EXERCISE DETAILS: Look below for the line containing "太平洋证券:医药行业周报:创". Write out that line and the rest through the last one, exactly as they appear, but without pictures.

════════════════════

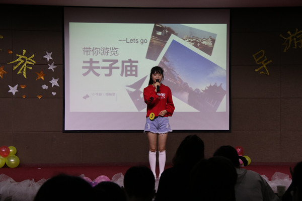 稻城亚丁、天柱山,或是最熟悉的安庆师大校园……各位选手通过生动的解说,在短短的两个小时里,让现场观众们领略到了不同地方的奇特美景。旅游管理专业2017(1)班的卜洋洋带团游玩的是天柱山旅游风景区。在正式的景区讲解前,她还细心地为游客们强调了登山的注意事项;地理科学专业2017(2)班的郑婉莹则带领游客们来到了南京的夫子庙,“不到夫子庙,枉来南京城”、“秦淮灯彩甲天下”……充满古风韵味的解说词让大家对这座古城期待不已。
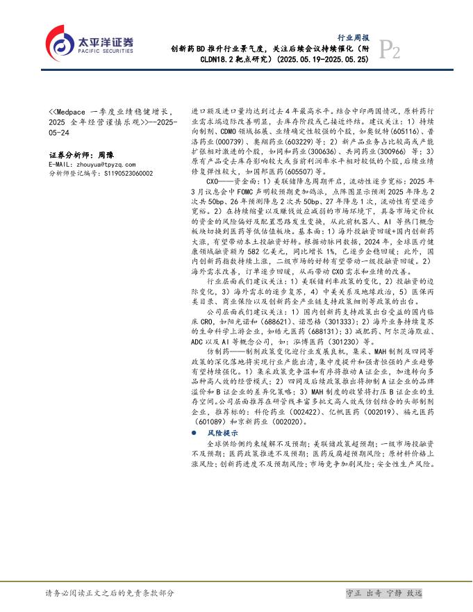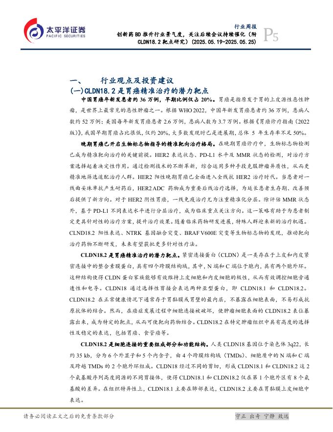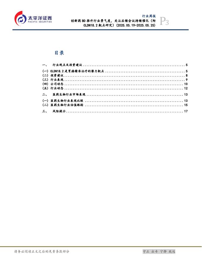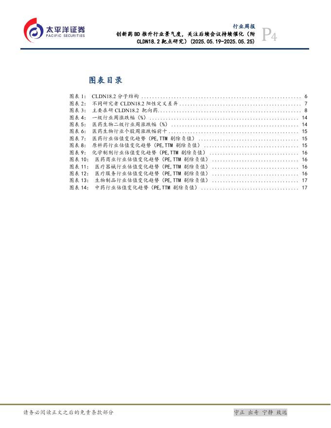 太平洋证券:医药行业周报:创新药BD推升行业景气度,关注后续会议持续催化(附CLDN18.2靶点研究).pdf
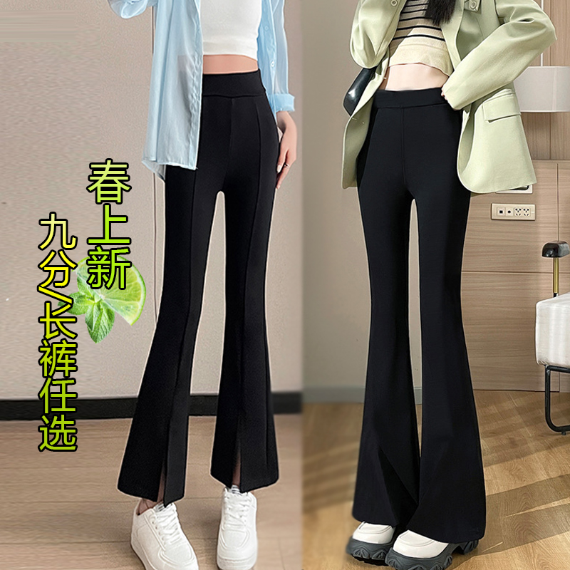 加绒加厚秋冬显瘦女裤时尚黑色微喇裤长腿裤 高腰弹力微喇叭裤子
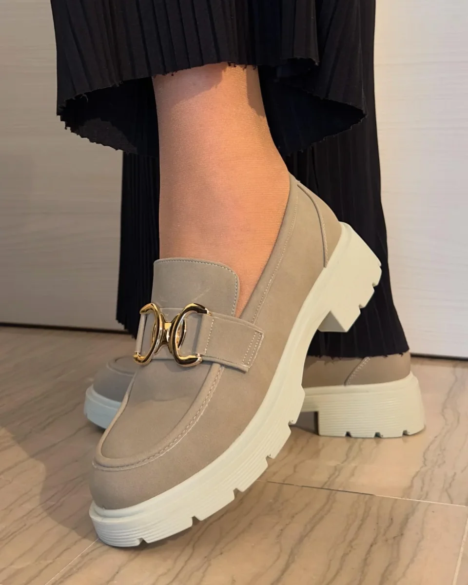 MOCASSINO BEIGE CON FIBBIA ORO
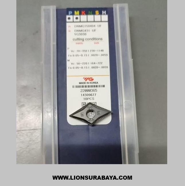 Insert bubut DNMG150404-UF YG3030 dari merek YG-1 Korea tersedia dari beberapa distributor resmi dan pengecer online di Indonesia, terutama melalui CV Lion Machine Solution.
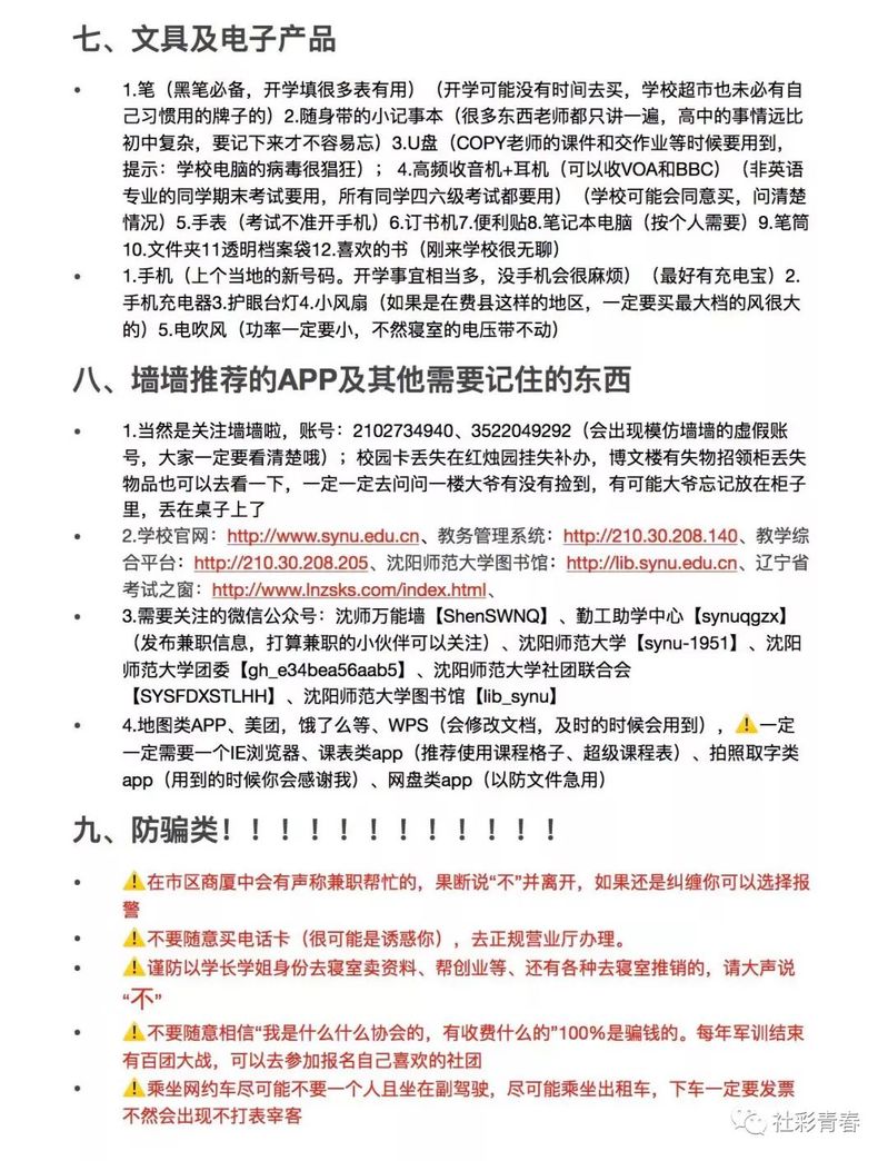 【社会·迎新】萌新必备沈师旅(kai)行(xue)攻略

════════════════════

ANSWER TO THIS PROBLEM:
 太平洋证券:医药行业周报:创新药BD推升行业景气度,关注后续会议持续催化(附CLDN18.2靶点研究).pdf
 加绒加厚秋冬显瘦女裤时尚黑色微喇裤长腿裤 高腰弹力微喇叭裤子
 MOCASSINO BEIGE CON FIBBIA ORO
 Insert bubut DNMG150404-UF YG3030 dari merek YG-1 Korea tersedia dari beberapa distributor resmi dan pengecer online di Indonesia, terutama melalui CV Lion Machine Solution.
 【社会·迎新】萌新必备沈师旅(kai)行(xue)攻略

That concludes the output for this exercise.